• [DATA SHOWN]:
§
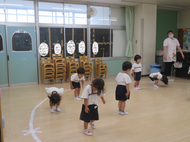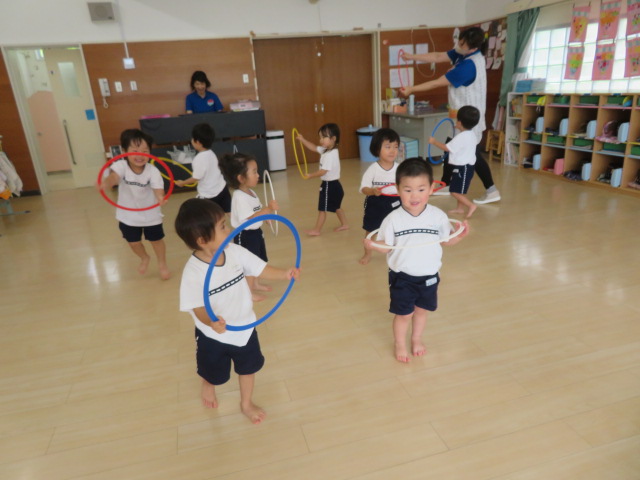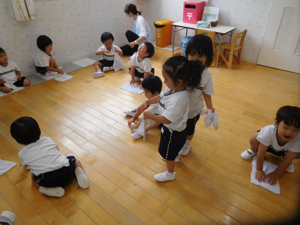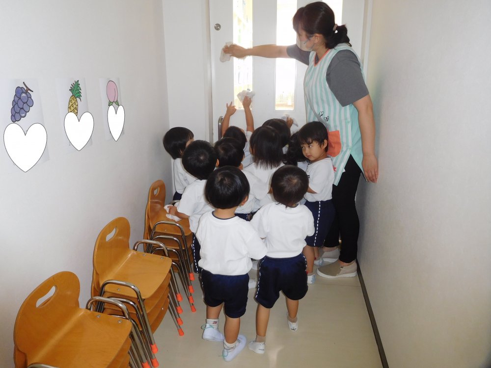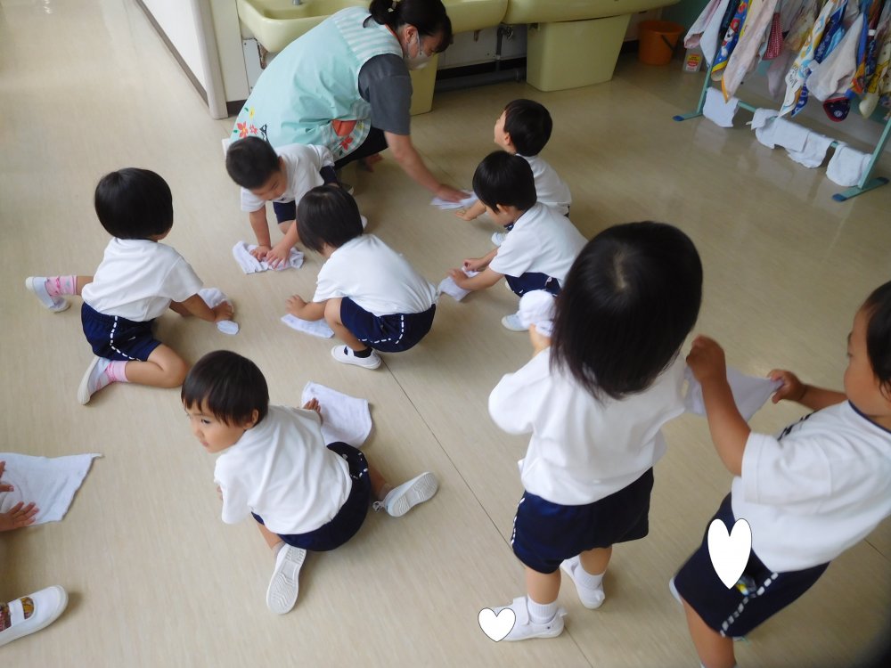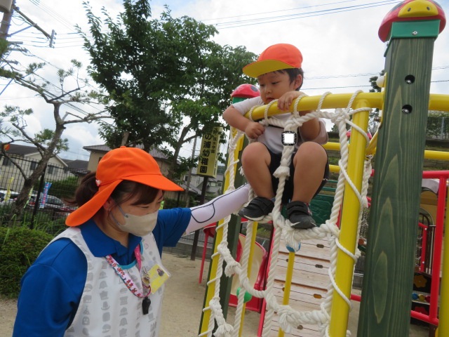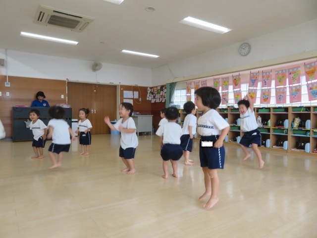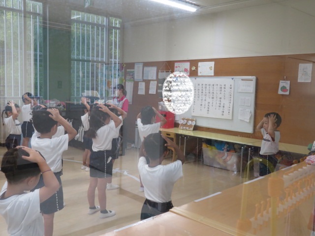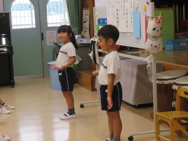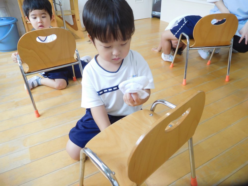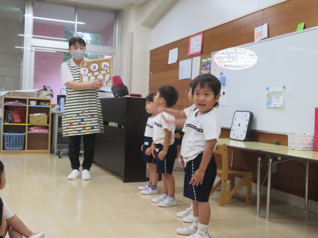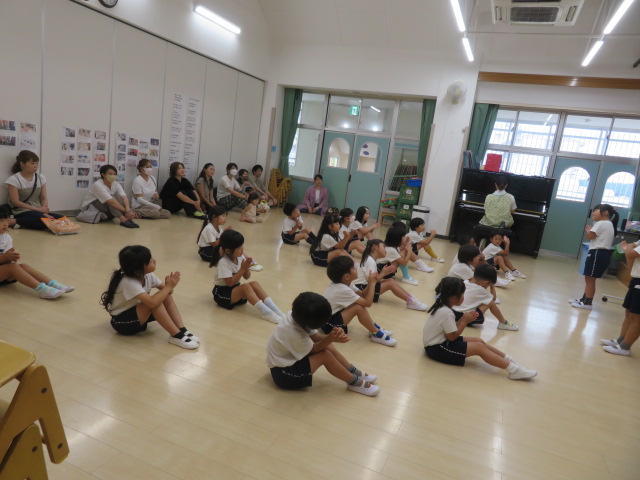 園長先生と一緒に食べるおにぎり美味しいね☺
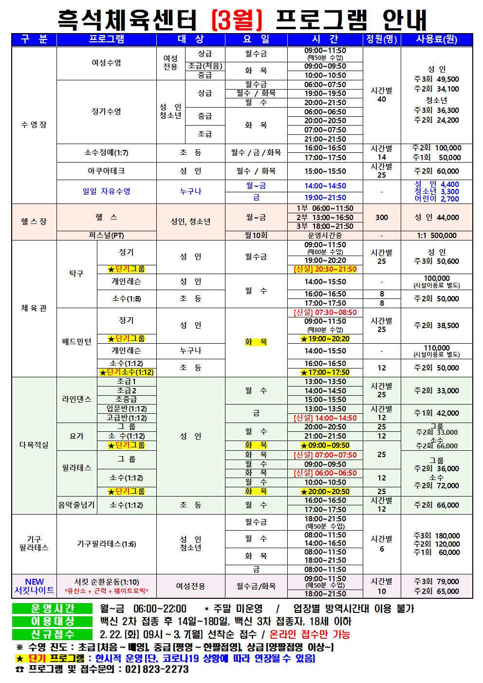 흑석체육센터 흑석체육센터 3월 프로그램 안내 작성자 흑석체육문화센터 작성일 2022년 2월 14일 15시 1분 13초 조회 977 3월 프로그램 안내(흑석) 2.18777001.jpg [ Size : 288.65KB , Down : 559 ] 미리보기 다운로드 목록보기
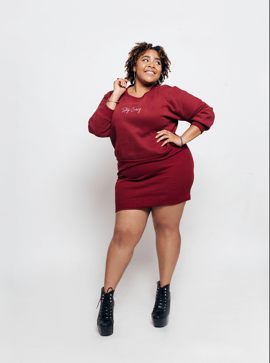 Now if you want to get dressed for a table for two or yourself then Stay Curvy is it! dress it up with some cute heels (for pictures of course) or keep it close to the floor in your favorite slippers. You can even wear it as a crewneck by flipping the bottom of the dress up and wear a latex skirt with it to add some oomph.
§
• [WHAT TO WORK ON]: Omit the pictures and give the material again, exactly and in full.

• [SOLUTION FOR THIS EXERCISE]:
 園長先生と一緒に食べるおにぎり美味しいね☺
 흑석체육센터 흑석체육센터 3월 프로그램 안내 작성자 흑석체육문화센터 작성일 2022년 2월 14일 15시 1분 13초 조회 977 3월 프로그램 안내(흑석) 2.18777001.jpg [ Size : 288.65KB , Down : 559 ] 미리보기 다운로드 목록보기
 Now if you want to get dressed for a table for two or yourself then Stay Curvy is it! dress it up with some cute heels (for pictures of course) or keep it close to the floor in your favorite slippers. You can even wear it as a crewneck by flipping the bottom of the dress up and wear a latex skirt with it to add some oomph.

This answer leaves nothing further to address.